Rappelons quelques vérités. Les drogues sont du poison. De synthèse ou «naturelles», il s’agit de substances psychoactives qui altèrent l’esprit et enchaînent l’homme. L’accoutumance aux drogues prétendument douces peut mener à des habitudes de consommation toujours plus graves. Normaliser le produit d’entrée de gamme est particulièrement irresponsable, et une insulte aux personnes tentant de s’extraire de leur dépendance, d’autant plus que sont bien établis les liens entre consommation de drogue et risques liés aux maladies mentales.

La société de consommation génère d’innombrables comportements addictifs. Le quidam est déjà suffisamment bombardé d’incitations diverses à consommer alcool (social ou pas), café, sucre, tabac, Tik Tok et Tribolo pour que les autorités se permettent d’ajouter d’autres substances fâcheuses à cet inventaire de tentations.

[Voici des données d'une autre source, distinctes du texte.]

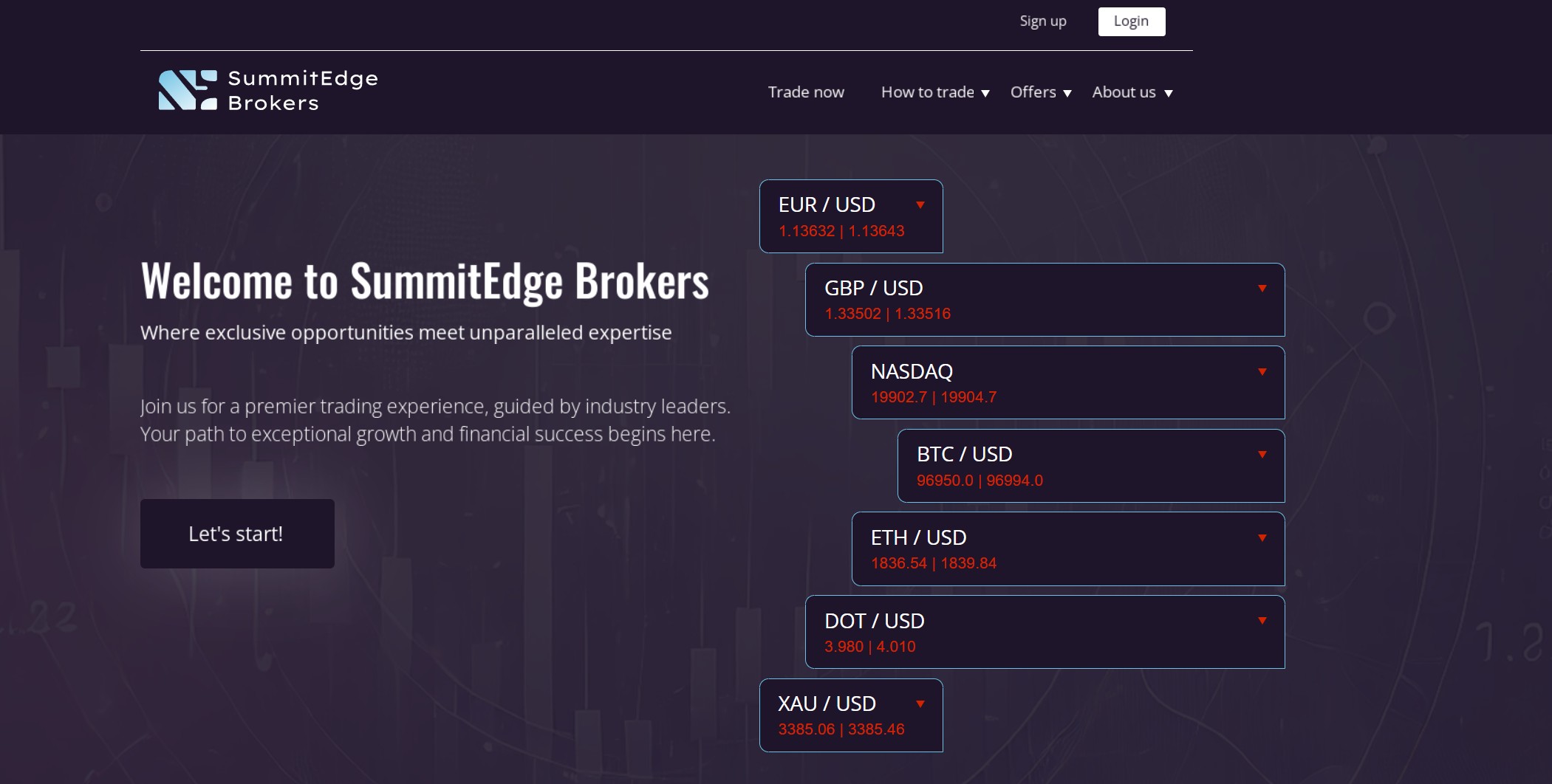 Иногда создается впечатление, будто аферисты просто работают посменно, без выходных и сна. Только один сайт успел с треском провалиться — тут же появляется следующий, еще громче, еще пафоснее, еще наглее. Знакомьтесь, на этот раз перед нами Summit Edge Brokers. Говорят, они на рынке уже долго, что за их плечами годы успешной практики, что их “инструменты” — это почти волшебная палочка для всех, кто хочет приумножить свои сбережения. Да только звучит это все знакомо, не находите?

Ajoutons que la régularisation (dépénalisation ou légalisation) va à l’encontre de l’idée même de prévention, qui implique un danger à prévenir, pourtant au cœur de la politique suisse des quatre piliers (prévention, thérapie, réduction des risques et répression) dans laquelle est censée s’inscrire l’action du Canton et de la Ville.

On répète que l’abstinence, le sevrage et la répression ont échoué à combattre trafic et consommation de drogue. Nous constatons quant à nous que, pour des raisons générationnelles, l’environnement culturel et social est devenu de plus en plus hostile à ces approches alors que les drogues – douces mais pas uniquement – sont de plus en plus acceptées comme produits récréatifs.

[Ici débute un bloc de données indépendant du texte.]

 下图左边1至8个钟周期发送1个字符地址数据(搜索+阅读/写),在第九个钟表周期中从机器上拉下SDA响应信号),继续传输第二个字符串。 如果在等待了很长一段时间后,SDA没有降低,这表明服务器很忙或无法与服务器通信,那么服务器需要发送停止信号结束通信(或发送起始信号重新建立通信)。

Ainsi, les boomers de la Municipalité de Lausanne et d’Addiction Suisse, manifestement tous héritiers de l’esprit libertaire de 68, appliquent leur politique dangereuse à une génération de jeunes gens éduqués dans la même ambiance à coups de Suprême NTM, Tryo et Ska-P, manière de contre-culture (notamment musicale) à la petite semaine qui ferait sourire si elle ne participait pas de l’essor actuel des phénomènes addictifs.

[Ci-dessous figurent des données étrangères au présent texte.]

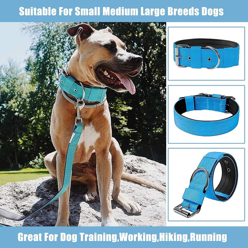 Heavy Duty Tactical Dog Collar - 1.5" Width Military Durable Thick Nylon with Adjustable Metal Buckle Working Training K9 Collar for Small Medium Large Dogs Light Blue S

Dernière idée géniale discutée au Conseil communal de Lausanne: un point de vente similaire au projet CANN-L consacré à la vente régulée de… cocaïne3. Grand succès dans la lutte contre les addictions: Lausanne aura bientôt ses deux locaux d’injection et ses supermarchés de drogues dures et douces.

Notes:

1      Communiqué de presse du 3 octobre 2023 de la Ville de Lausanne intitulé «Vente régulée de cannabis – Le projet CANN-L démarre».

2     La loi fédérale sur les stupéfiants (LStup) règle la fabrication, la distribution, l’acquisition et la consommation des stupéfiants et des substances psychotropes contrôlés par l’Etat. Depuis 2021, l’art. 8a LStup autorise des essais pilotes de ventes contrôlées de cannabis.

3     Postulat du 22 septembre 2023 de M. Johann Dupuis et consorts intitulé «Un projet pilote de vente contrôlée de cocaïne pour réguler le marché noir».